<center>

# Natural language processing
## Project - Sentence segmentation
## Model training

### 2023./2024.
## Matea Kunac, Marijana Rendulić
</center>

# 1. Introduction

This notebook focuses on the model training for sentence segmentation.

#2. Code

##Libraires

In [None]:
from google.colab import drive
drive.mount('/content/drive')

Mounted at /content/drive


In [None]:
import torch
import pickle
import torch
import torch.nn as nn
import torch.optim as optim
from torch.utils.data import Dataset, DataLoader
import pickle
from sklearn.metrics import precision_score, recall_score, f1_score
import matplotlib.pyplot as plt
import numpy as np
from torch.nn.utils.rnn import pad_sequence
import os
from torch.nn.utils.rnn import pad_sequence, pack_padded_sequence, pad_packed_sequence

##Functions

In [None]:
class TextChunkDataset(Dataset):
    """
    Loads data chunks and their corresponding labels from specified pickle files
    """
    def __init__(self, chunks_file, labels_file):
        with open(chunks_file, 'rb') as f:
            self.chunks = pickle.load(f)
        with open(labels_file, 'rb') as f:
            self.labels = pickle.load(f)

    def __len__(self):
        return len(self.chunks)

    def __getitem__(self, idx):
        return torch.tensor(self.chunks[idx], dtype=torch.long), torch.tensor(self.labels[idx], dtype=torch.float32)

In [None]:
class MultiLayerBiGRUModel(nn.Module):
    """
    multi-layer Bidirectional GRU architecture

    The model consists of the following components:
    - Embedding Layer: Converts input tokens into dense vectors of a specified size (embedding_dim)
    - Multi-Layer BiGRU: Processes the embedded input sequentially in both forward and backward directions across multiple layers (num_layers)
    - Fully Connected (Linear) Layer: Transforms the BiGRU's output to the desired output dimension (output_dim)
    """
    def __init__(self, vocab_size, embedding_dim, hidden_dim, output_dim=1, num_layers=3):
        super(MultiLayerBiGRUModel, self).__init__()
        self.embedding = nn.Embedding(vocab_size, embedding_dim)
        self.gru = nn.GRU(embedding_dim, hidden_dim, num_layers=num_layers, batch_first=True, bidirectional=True)
        self.fc = nn.Linear(hidden_dim * 2, output_dim)  # Times 2 because it's bidirectional

    def forward(self, text):
        embedded = self.embedding(text)
        output, hidden = self.gru(embedded)
        final_output = self.fc(output)
        return final_output

In [None]:
def pad_collate(batch):
    """
    Pads sequences to match the longest sequence in a batch
    """
    (xx, yy) = zip(*batch)

    xx_pad = pad_sequence(xx, batch_first=True, padding_value=0)

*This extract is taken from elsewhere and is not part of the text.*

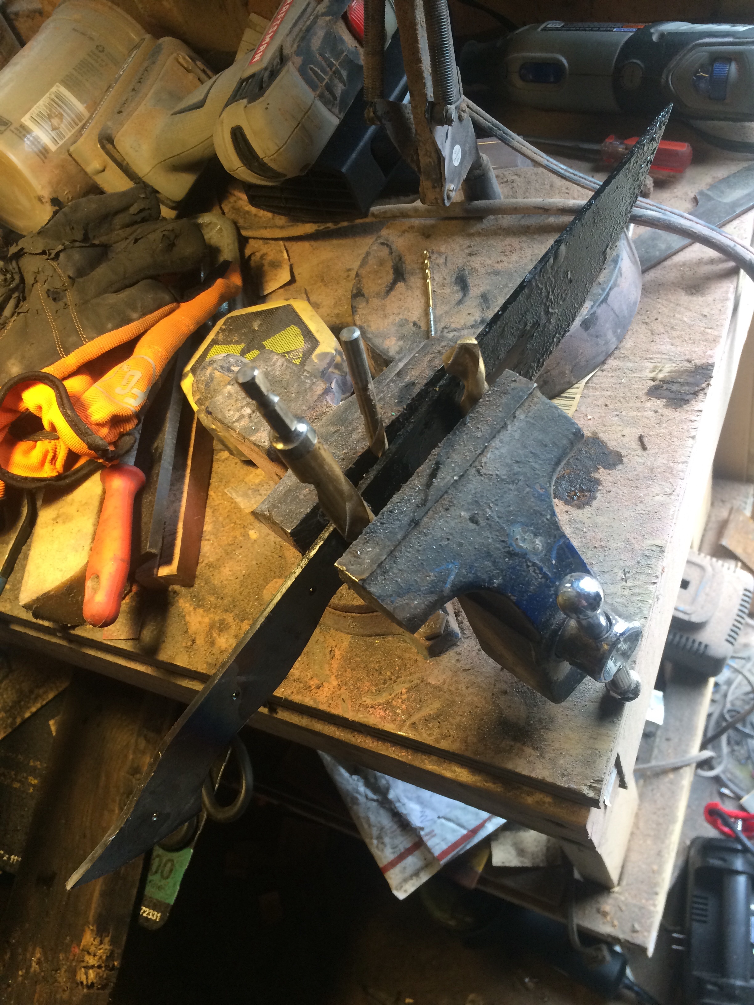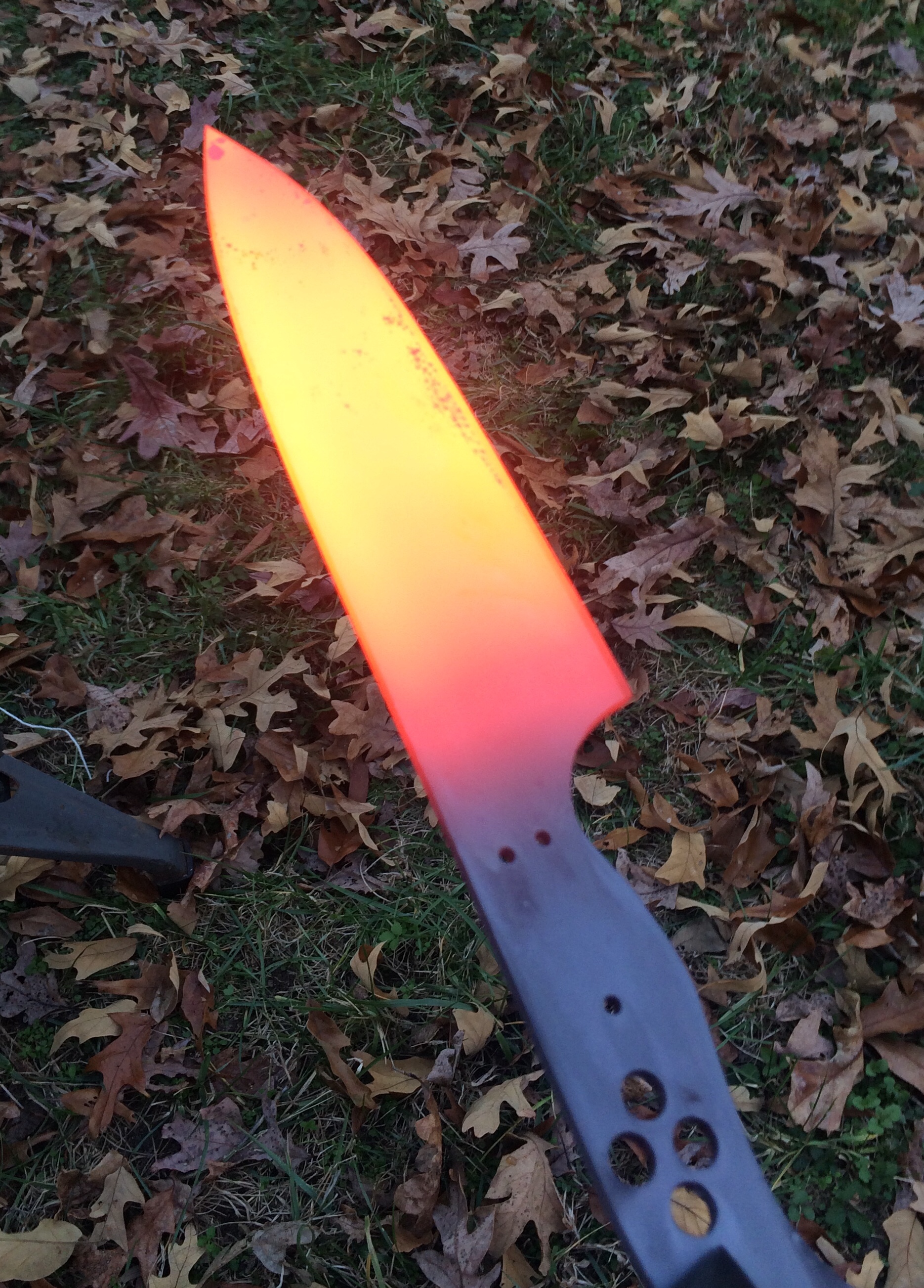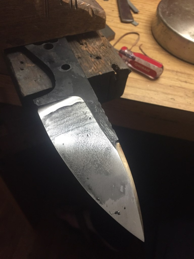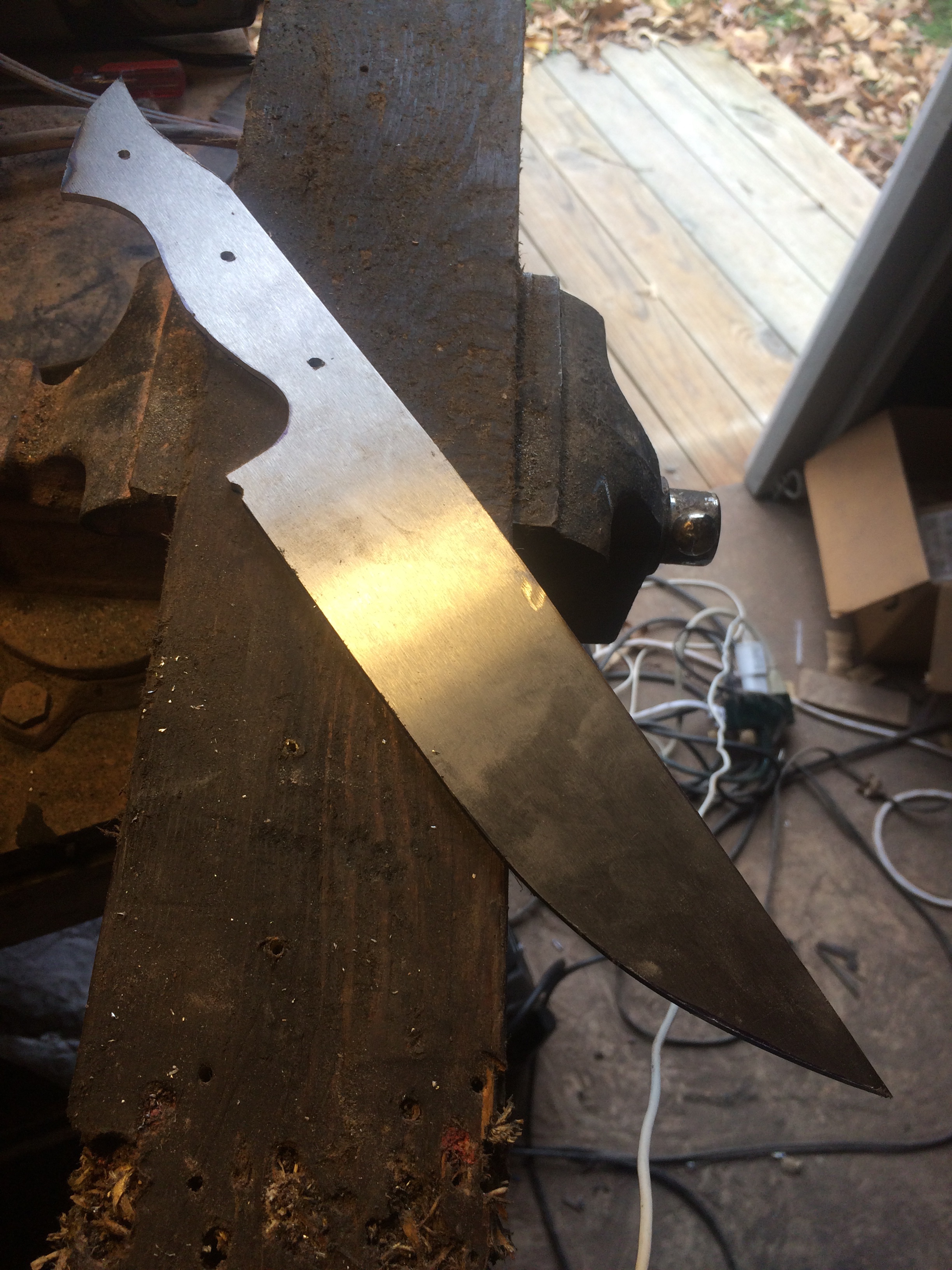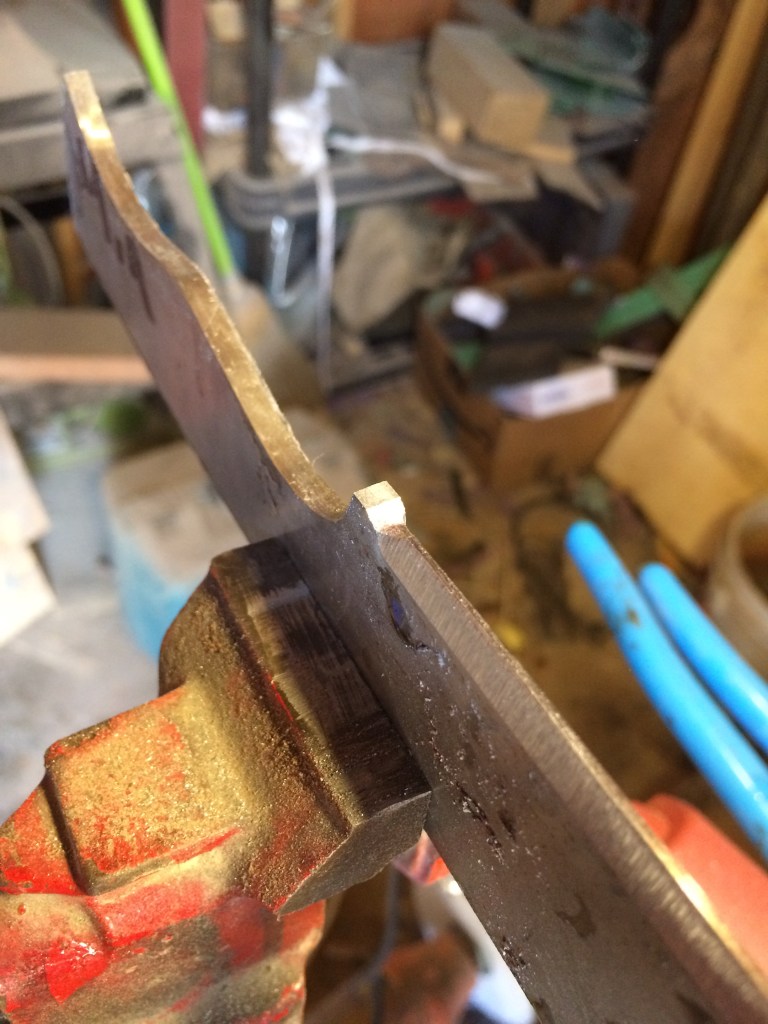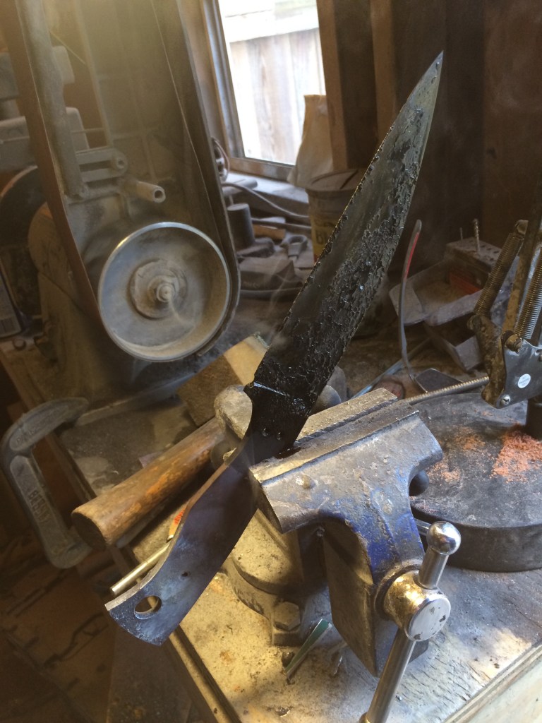 ….and despite our best efforts, warping does occur.  Since the blade is still hot from the oil quench we have some time to correct it:

    yy_pad = pad_sequence(yy, batch_first=True, padding_value=0)

    return xx_pad, yy_pad

In [None]:
def evaluate(model, data_loader):
    """
    A function to evaluate the model's performance on a given dataset.
    It switches the model to evaluation mode, computes predictions for the dataset,
    and calculates evaluation metrics such as accuracy, precision, recall, and F1 score.
    """
    model.eval()
    all_predictions = []
    all_labels = []
    with torch.no_grad():
        for chunks, labels in data_loader:
            chunks, labels = chunks.to(device), labels.to(device)
            outputs = model(chunks).squeeze(-1)
            predicted = torch.round(torch.sigmoid(outputs))

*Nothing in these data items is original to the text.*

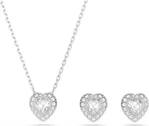 Ariana Grande x Set, Rhodinierter Herz-Anhänger und Ohrstecker mit Kristallherzen in Klarem Pavé und Verschiedenen Schliffen, Länge Kette: 38-45 cm, Größe Ohrringe: 1 x 1 cm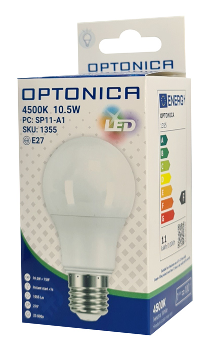 OPTONICA LED λάμπα A60 1355, 10.5W, 4500K, E27, 1055lm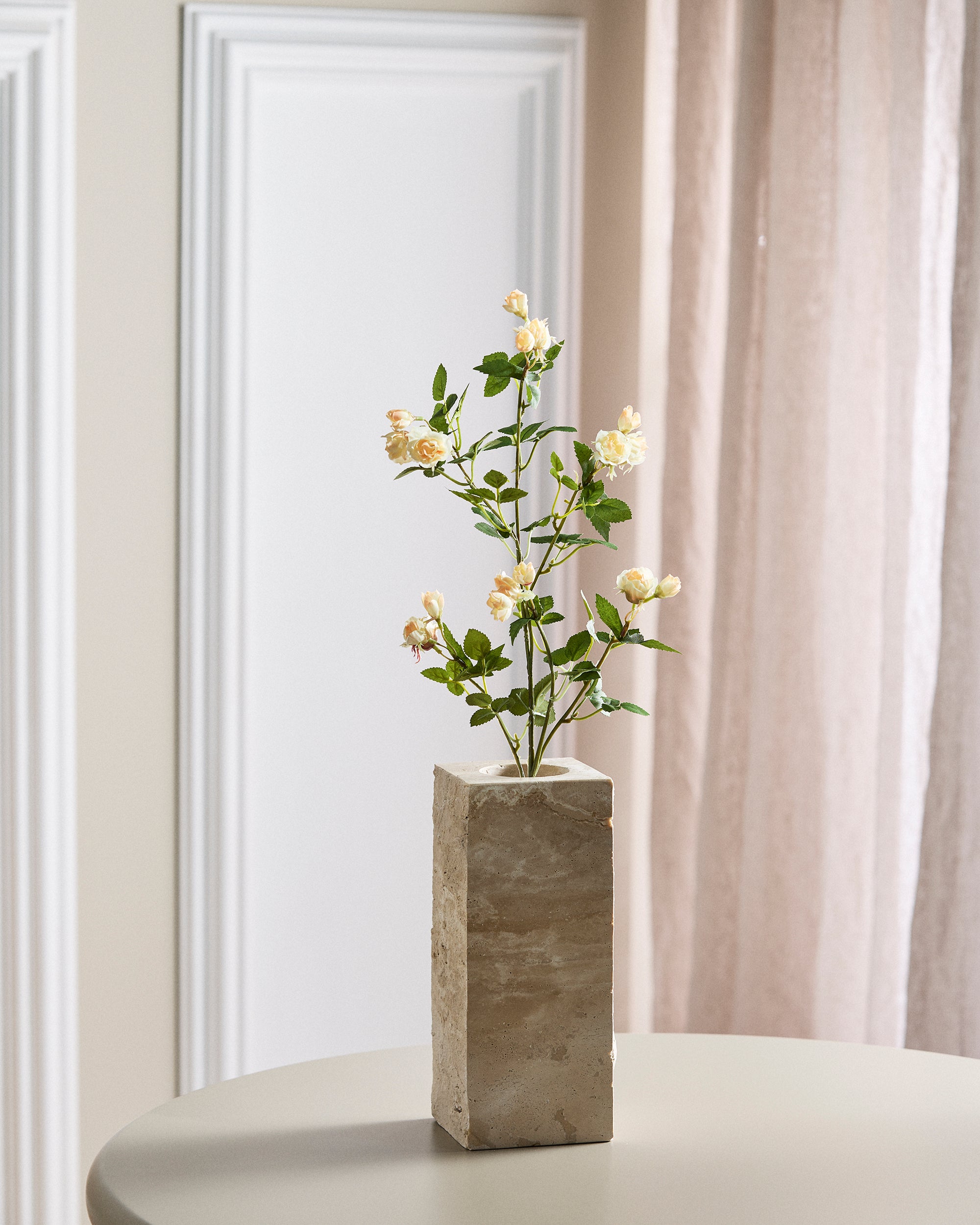 Ein Stiel, der sich anfühlt, als wäre er direkt von einem romantischen Gartenrosenbusch abgeschnitten. Mit seinen 18 zarten Blütenköpfen bringt er die Essenz des Sommers und frisch geschnittener Rosen zum Ausdruck – leicht, natürlich und voller Charme. Perfekt allein in der Vase oder als süßes Detail im Strauß.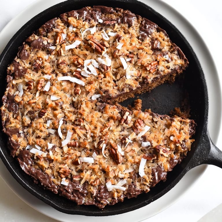 Merken Ein reichhaltiger, klebriger Pfannkuchen inspiriert vom klassischen German Chocolate Cake, mit einem Schokoladenchip-Boden und einer köstlichen Kokos-Pekan-Schicht. Perfekt zum Teilen direkt aus der Pfanne!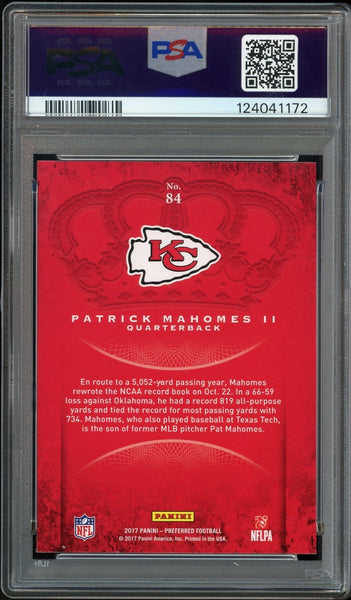 2017 Panini Crown Royale #84 Patrick Mahomes RC Rookie On Card PSA 9/10 Auto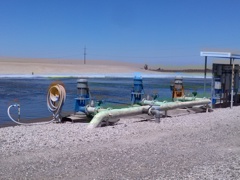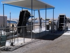 Plant size is currently at 1.55 MGD with an average monthly flow of 1.1 MGD. Wastewater Plant consist of two complete mix aerated lagoons operated in parallel, and two partial mix aerated lagoons operated in series. Each lagoon has an operating depth of 12 ft. and has a detention time of 3 days at design flow. Flows enters plant through 18” and 24” diameter gravity sewers, which discharge into two separate headworks structures made from concrete and both have mechanically cleaned barscreens. Screenings are pressed and collected in a plastic bag and disposed of as a solid waste. From heaworks, influent flows into a manhole where streams are combined and metered and recorded through a magnetic flow meter. Then flow enters a splitter box where flow is split and gravity flows into lagoon 1a and 1b. theese lagoons provide the primary aeration of incoming flows. Most of settleable solids will settle out and undergo anaerobic digestion on the lagoon bottoms. From lagoons 1a and 1b, the primary treated wastewater flows by gravity through flow control structures and buried piping into lagoon # 2. Flow in lagoon also goes through same treatment process as lagoon 1a and 1b. From lagoon # 2, wastewater is pumped to lagoon # 3. The pump station has 3 constant speed pumps. The operator varies the number of pumps online, which sets the flow, based on the level of lagoons. From lagoon # 3, treated wastewater flows by gravity through a flow control structure and buried piping into one of the 3 storage reservoirs, with the capacity of 472 acre feet of storage. A recirculation line draws water from pump station and discharges into incoming untreated wastewater. Recirculated water is also used for washdown water at headworks. Recirculated flow is designed to initiate bacterial activity in incoming wastewater. All treated effluent flows into the storage reservoirs are disposed of onsite by agricultural irrigation on city owned farmland.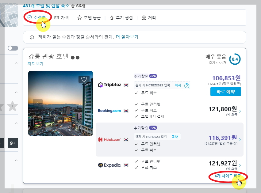 추가로 정렬 기능에서 "추천순" 설정을 하게 되면 특가 위주로 숙소 리스트를 받아볼 수 있습니다. 높은 순위를 차지한 강릉관광호텔을 예약할 수 있는 서비스가 6개가 된다고 하는데요. 화면에 있는 "6개 사이트 비교"를 클릭해 보세요. 그럼 해당 호텔에 대한 여러 사이트의 가격 순위를 확인할 수 있습니다.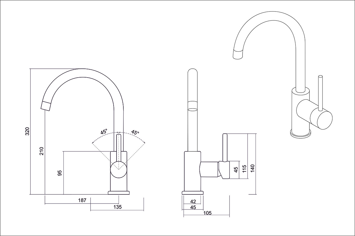 • Высота смесителя: 320мм • Изоляторы против нагрева ручек • Керамический картридж • Поворотный излив • Материал - латунь • Установочное отверстие под смеситель Ø 35 мм • Гарантия на смеситель 5 лет

            all_predictions.extend(predicted.view(-1).cpu().numpy())
            all_labels.extend(labels.view(-1).cpu().numpy())

    all_predictions = np.array(all_predictions)
    all_labels = np.array(all_labels)

    accuracy = 100 * (all_predictions == all_labels).mean()
    precision = precision_score(all_labels, all_predictions)
    recall = recall_score(all_labels, all_predictions)
    f1 = f1_score(all_labels, all_predictions)

    return accuracy, precision, recall, f1

##Data loading

In [None]:
train_dataset = TextChunkDataset('/content/drive/MyDrive/Sentence_segmentation_popravak/data/train_encoded_chunks.pkl', '/content/drive/MyDrive/Sentence_segmentation_popravak/data/train_encoded_labels.pkl')
dev_dataset = TextChunkDataset('/content/drive/MyDrive/Sentence_segmentation_popravak/data/dev_encoded_chunks.pkl', '/content/drive/MyDrive/Sentence_segmentation_popravak/data/dev_encoded_labels.pkl')

batch_size = 64

train_loader = DataLoader(train_dataset, batch_size=batch_size, shuffle=True, collate_fn=pad_collate)
dev_loader = DataLoader(dev_dataset, batch_size=batch_size, shuffle=False, collate_fn=pad_collate)

In [None]:
def load_pickle(file_path):
    """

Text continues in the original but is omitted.